Buffer replacement solution during protein purification

Buffer replacement during protein purification

To ensure that the proteins are in the same buffer system as those used in the downstream purification process.That is, the pH value and salt concentration of the environment where the protein is located should be consistent with the purification process, in order to optimize the purification process. Increase the purification multiple, increase the recovery rate, reduce the process cost and so on.

1.Buffer replacement during protein purification

When the buffer environment where the protein is located is not sufficient for subsequent purification, buffer replacement is required.

1. The secreted and expressed protein has more components in the culture medium in the environment where the protein is located, which will affect the subsequent process. At this time, it is necessary to replace the buffer. For example, when the protein secreted and expressed by CHO cells is purified with Ni Focurose 6FF (IDA / IMAC), Due to the complex composition of the medium, which affects the combination of its protein and the nickel column or affects the performance of the nickel column, buffer replacement is required at this time.

2. After ion-exchange chromatography and partial affinity chromatography, such as heparin affinity chromatography and metal chelation affinity chromatography, proteins usually need to remove the high concentration of salt in the eluent of the previous step before continuing the next ion chromatography. Desalting is necessary, and the process of desalting is also a process of buffer replacement.

3. After the protein is subjected to ion exchange chromatography and partial affinity chromatography, the salt in the buffer system must usually be reduced to a certain extent before storage, and buffer replacement is also required at this time.

4. After the inclusion body protein is dissolved with denaturing agent, the denaturing agent should be removed in the process of renaturation, which also involves the replacement of buffer.

2.Common methods of buffer replacement

The common methods of buffer replacement mainly include membrane method (dialysis and ultrafiltration) and gel filtration chromatography.In addition, in some cases, dilution can also be used to achieve the replacement of buffer solution.

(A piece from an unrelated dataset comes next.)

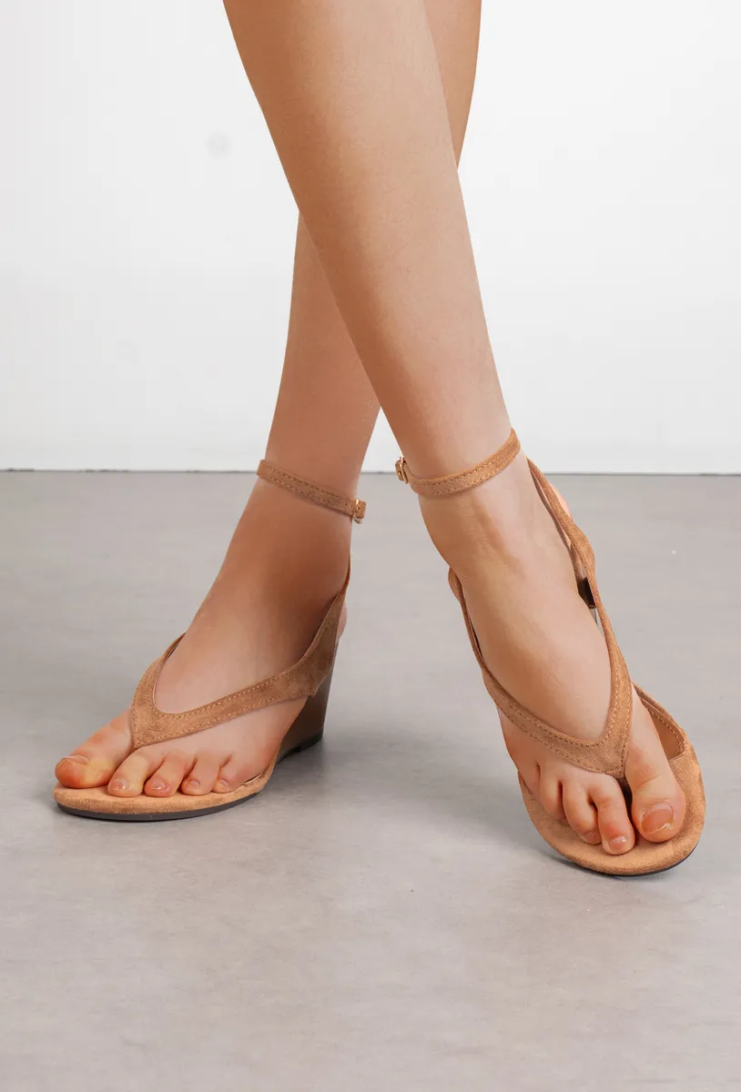 Sandales compensees entre-doigts bride cheville

For example, in the process of denaturing agent after inclusion body dissolution, denaturing agent is usually removed by dilution to achieve the purpose of buffer replacement and denaturing agent is removed to complete protein renaturation.

1. Replacement of buffer by dialysis

Dialysis uses a semi-permeable membrane to wrap the protein solution and immerse it in a dialysis buffer. Because the buffer concentration is lower than the concentration inside the membrane, substance exchange occurs on the semi-permeable membrane; however, the protein cannot pass through the semi-permeable membrane, only Small molecules such as salt ions can pass through; therefore, the salt impurities in the protein solution are exchanged to the outside through the semi-permeable membrane.

The larger the volume of dialysis buffer, the greater the driving force of small molecule diffusion.We generally recommend a buffer to sample volume ratio of 100:1, the best is 500:1.When the diffusion rate decreases and the solution on both sides of the membrane tends to equilibrium, the diffusion driving force and dialysis rate of small molecules can be maintained by replacing the buffer.We generally recommend replacing the buffer 2 to 3 times within 12 to 24 hours. The specific arrangement is as follows:

First buffer replacement: 2-3 hours after dialysis begins

Second buffer replacement: 4-5 hours after dialysis begins

Last buffer replacement: before dialysis overnight

Due to the long cycle and the need for a large amount of replacement fluid, the application of dialysis replacement buffer is greatly limited. It is seldom used in industry and is mainly still used in the laboratory. In the laboratory, it is gradually replaced by ultrafiltration tube/ultrafiltration cup and gel filtration chromatography.

2. Gel filtration chromatography

Focudex G-25 gel filtration media is widely used in the desalination and buffer replacement of biological macromolecules. Because of its mild process, it is widely used in biopharmaceutical processes, especially in centrifugal exchange, desalination and buffer replacement after affinity The application is universal.

3. Ultrafiltration

Ultrafiltration method is a membrane filtration method, which takes porous film as the separation medium, and relies on the pressure difference between the two sides of the film as the driving force to separate substances with different molecular weights in the solution, thus playing the role of desalination, concentration, purification and other methods.It has the advantages of no phase conversion, no heating, less energy consumption, mild operating conditions, no need to add chemical reagents, no damage to the heat sensitive drugs and so on.

The ultrafiltration method is relatively mature from the ultrafiltration tube for micro-processing in the laboratory, the ultrafiltration cup for small-volume processing, and the industrial ultrafiltration system technology.

Ultrafiltration is divided into direct pressure ultrafiltration and tangential flow filtration. At present, the industry is mainly tangential flow filtration, which is widely used in desalination and buffer replacement.